Unlocking the potential of Ca‐doped Sm 0.5 Sr 0.5 CoO 3− δ cathodes for high‐performance intermediate temperature solid oxide fuel cells

Abstract The development of efficient and durable cathode materials is essential for advancing intermediate temperature solid oxide fuel cells (IT‐SOFCs). This study investigates the effects of Ca doping on strontium manganite (Sm 0.5 Sr 0.5 CoO 3− δ , SSC) perovskite oxides, exploring their potential as cathodes for IT‐SOFCs. Our detailed analyses of the crystal structure, microstructure, and surface composition reveal that Ca doping increases the concentration of oxygen vacancies and Co 3+ without altering the phase structure of the SSC cathode. Notably, Ca doping mitigates Sr segregation at the surface.

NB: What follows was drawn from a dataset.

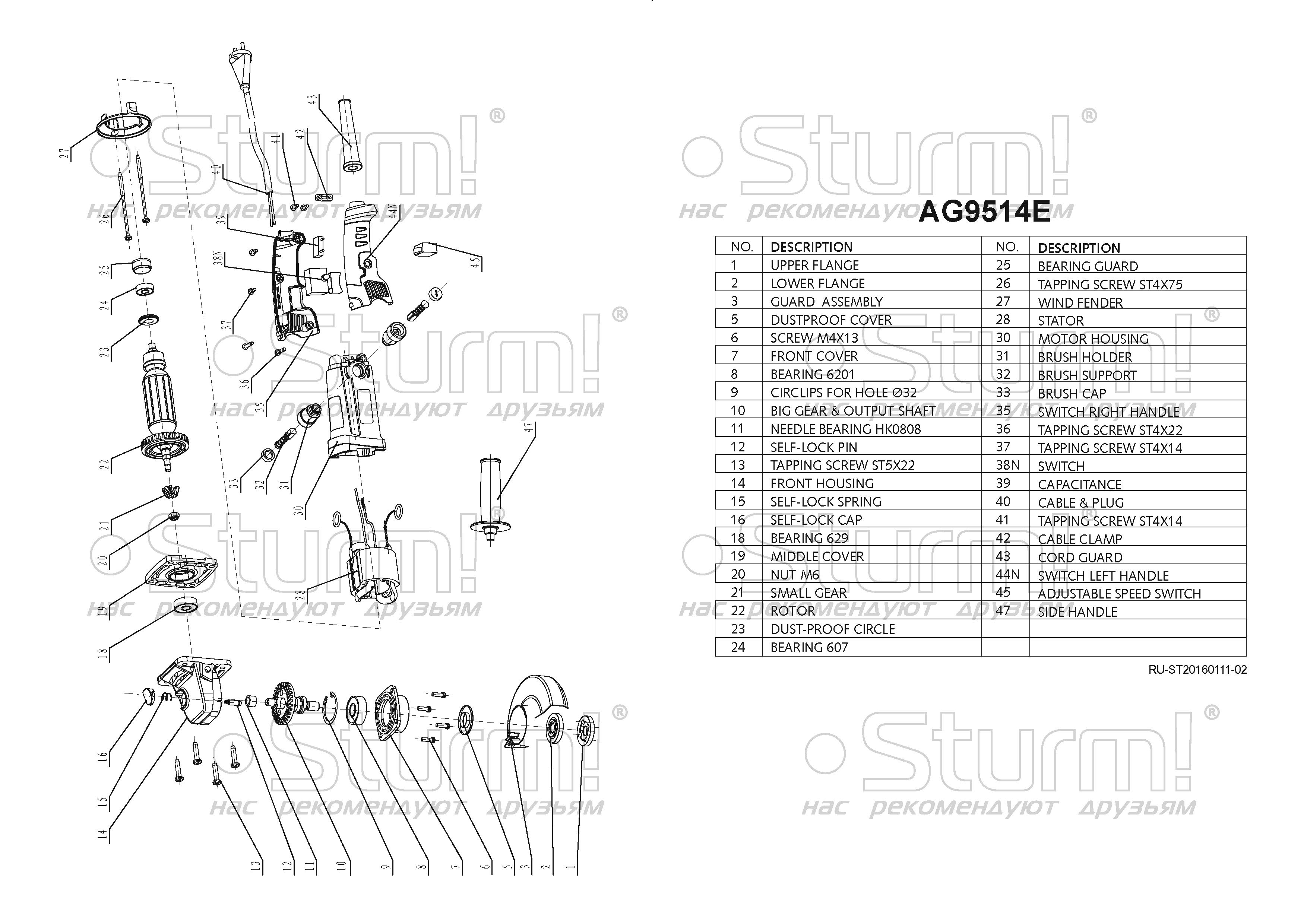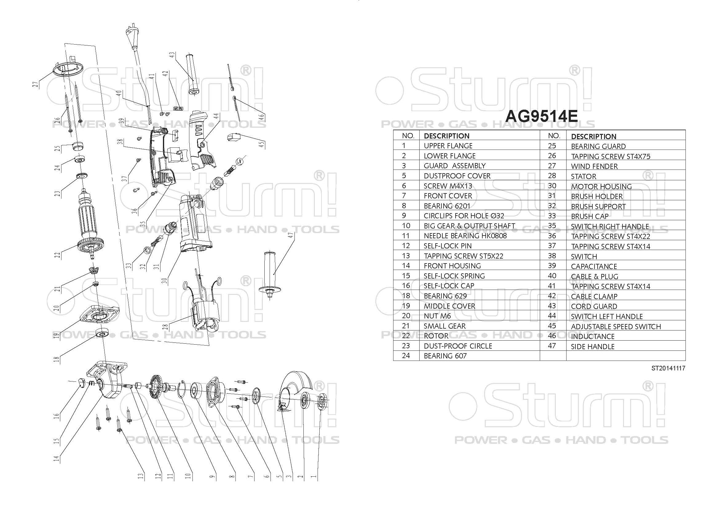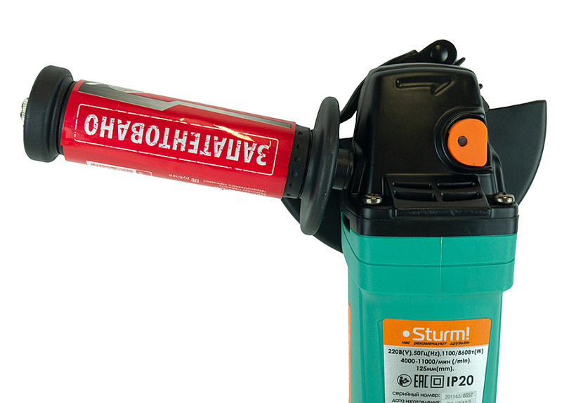 Sturm AG9514Е – универсальная болгарка (УШМ) бытового назначения под рабочий диаметр диска 125 мм. Имеет компоновку с длинной рукоятью и рассчитана под хват двумя руками. Основное преимущество данной компоновки – лучший контроль и удобство использования инструмента при зачистных и шлифовочных операциях. Работу в местах с трудным доступом призван облегчить низкопрофильный корпус редуктора клиновидной формы. Особенность модели – функция электронной регулировки оборотов (4000 – 11000 об / мин), благодаря которой достигается оптимальный подбор частоты вращения в зависимости от типа используемой оснастки и обрабатываемого материала. Для обеспечения высокого ресурса инструмента особое внимание уделено наиболее нагруженным элементам конструкции: электромотор покрыт несколькими изоляционными слоями термостойкого лака и имеет дополнительную защиту от пыли и абразивных частиц, благодаря закалке, повышенной прочностью обладают шестерни редуктора. Кроме того, применение шестерен с конической формой зуба позволило снизить уровень шума при работе. Инструмент прост в обслуживании и эксплуатации. Предусмотрена функция быстрого доступа к щеткам, позволяющая их замену без разбора элементов корпуса. Для удобства пользователя модель снабжена быстросъемным защитным кожухом, который надежно фиксируется при помощи специального зажимного рычага – это дает возможность при необходимости быстро изменять положение кожуха, не прибегая к помощи вспомогательного инструмента, а также удобной патентованной рукоятью со специальным твердосплавным карандашом для нанесения разметки на поверхности любой сложности, включая ржавые, влажные и маслянистые.

SCa 0.2 SC exhibits the highest oxygen vacancy concentration and the lowest surface Sr content. It also exhibited excellent electrocatalytic performance, with a polarization impedance of 1.65 Ω cm 2 at 550°C, which was 22.4% lower than that of SSC. Peak power densities were measured at 236, 469, 696, and 968 mW cm −2 at temperatures of 550, 600, 650, and 700°C, respectively. The SCa 0.2 SC cathode exhibited a decay rate of just 0.6% over 200 h in a stability test at 650°C. These results demonstrate the exceptional electrochemical performance and stability of Ca‐doped SSC cathodes at low temperatures, positioning them as promising candidates for IT‐SOFC applications.